I have a function of the type (for simplicity I use a similar and more straightforward function):
$ f(x) = \Vert Ax - b \Vert, \quad A\in R^{m\times n}, x \in R^n, \text{ and } b \in R^m$.
I would like to find the zero of this function, i.e., finding x such that $f(x) = 0$. For this aim, I would like to use the Newton method, whose iterative formula is:
$x^{t+1} = x^t - \frac{f(x)}{f'(x)}$
where $f'$ is the derivative of $f$, i.e., $f'(x) = A^TAx - A^Tb$. As is seen, f(x) is unidimensional, while $f'(x)$ is a vector.
Now my question is, how am I supposed to use the Newton method for such a function?

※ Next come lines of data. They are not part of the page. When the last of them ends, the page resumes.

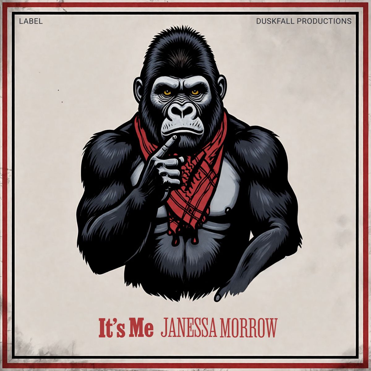 The most popular tags describing this Indie & Folk Music premade album cover are illustration, bold, animal, powerful, mysterious, and other keywords relevant to this premade cover are wild, moody, intense, gorilla, strength, jungle, focus, graphic art, bandana, music cover, design., dark tones, ape.
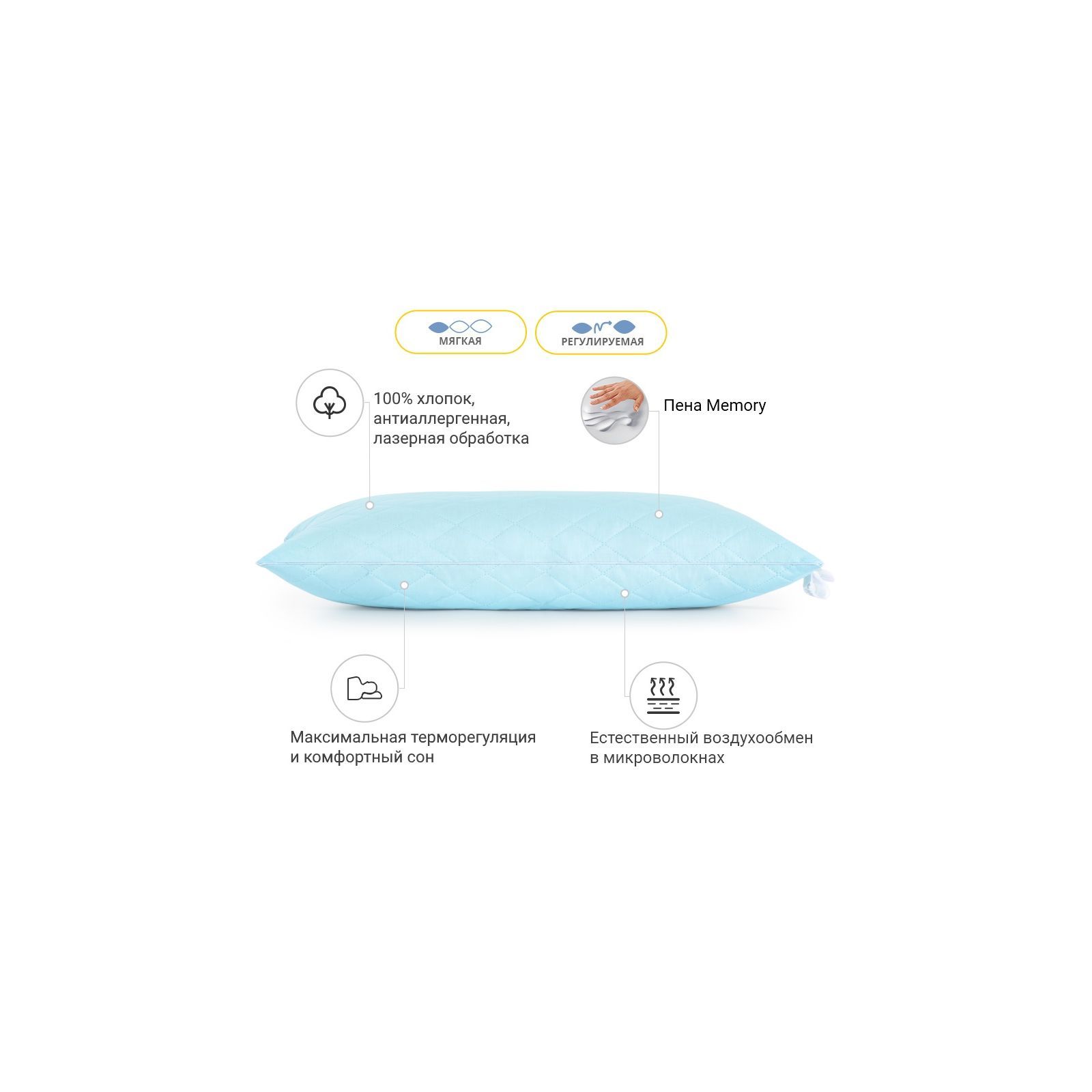 Низька — оптимально розрахована вага наповнювача для досягнення гарних показників за пружністю. Ця висота прекрасно підійде людям, які люблять низькі та дуже м'які подушки. Рекомендовано для дітей і жінок. Також не хочеться втратити можливість підкреслити величезний плюс подушок — вони регульовані! Вся принадність у тому, що в подушці є вбудована блискавка (вона розмішена збоку подушки), завдяки якій ви в будь-який момент зможете вийняти трохи наповнювача та підлаштувати подушку повністю під себе.
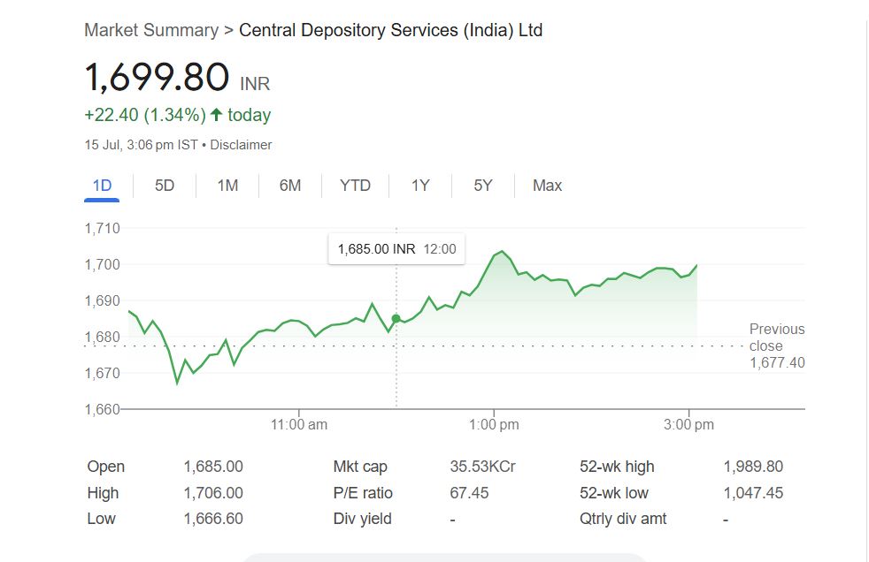 CDSL Share Price: आज, मंगलवार, 15 जुलाई 2025 को सेंट्रल डिपॉजिटरी सर्विसेज (इंडिया) लिमिटेड कंपनी का शेयर 1.34 प्रतिशत उछलकर 1699.80 रुपये पर कारोबार कर रहा है। आज सुबह शेयर बाजार में ट्रेडिंग शुरू होते ही सेंट्रल डिपॉजिटरी सर्विसेज (इंडिया) शेयर 1685 रुपये पर खुला था। आज दोपहर तक सेंट्रल डिपॉजिटरी सर्विसेज (इंडिया) कंपनी शेयर का हाई-लेवल 1706 रुपये और लो-लेवल 1666.60 रुपये रहा।
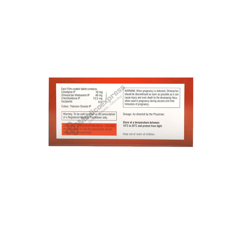 Olkem Trio 40 mg Tablet 10's are a member of the hypertensives drug class, which is primarily used to treat high blood pressure (high blood pressure). A persistent illness known as hypertension or high blood pressure causes a strong force of blood against the arterial wall. It therefore causes heart conditions, irregular heartbeats, and other issues. Three medications—Olmesartan medoxomil, Cilnidipine, and Chlorthalidone—are combined to create the Olkem Trio 40 mg Tablet 10's, which effectively lowers high blood pressure. By inhibiting the hormone angiotensin, olmesartan medoxomil relaxes blood arteries. This makes the heart's pumping action more effective and the blood flow more smoothly. The calcium channels found in the blood arteries of the heart are inhibited by cilnidipine. Disclaimer:For more information contact your physician.

You can not use Newton Method to solve $f(x)=0$, a.k.a. $Ax=b$. If $m >> n$ then generically there is no such solution. More likely you want to use Newton's Method to find the minimum of this function, a.k.a. the least squares solution. In that case you can use Newton Method on the gradient of $f$, $\nabla f: \mathbb{R}^n \to \mathbb{R}^n$, in that case Newton's step is: $$x_{k+1} = x_{k}- (\nabla^2 f(x_{k}))^{-1}\nabla f(x_{k}) $$ where $\nabla^2 f$ is the Hessian matrix. You can also solve by a direct method solving the normal equations $A^T A\hat{x} = A^T b$.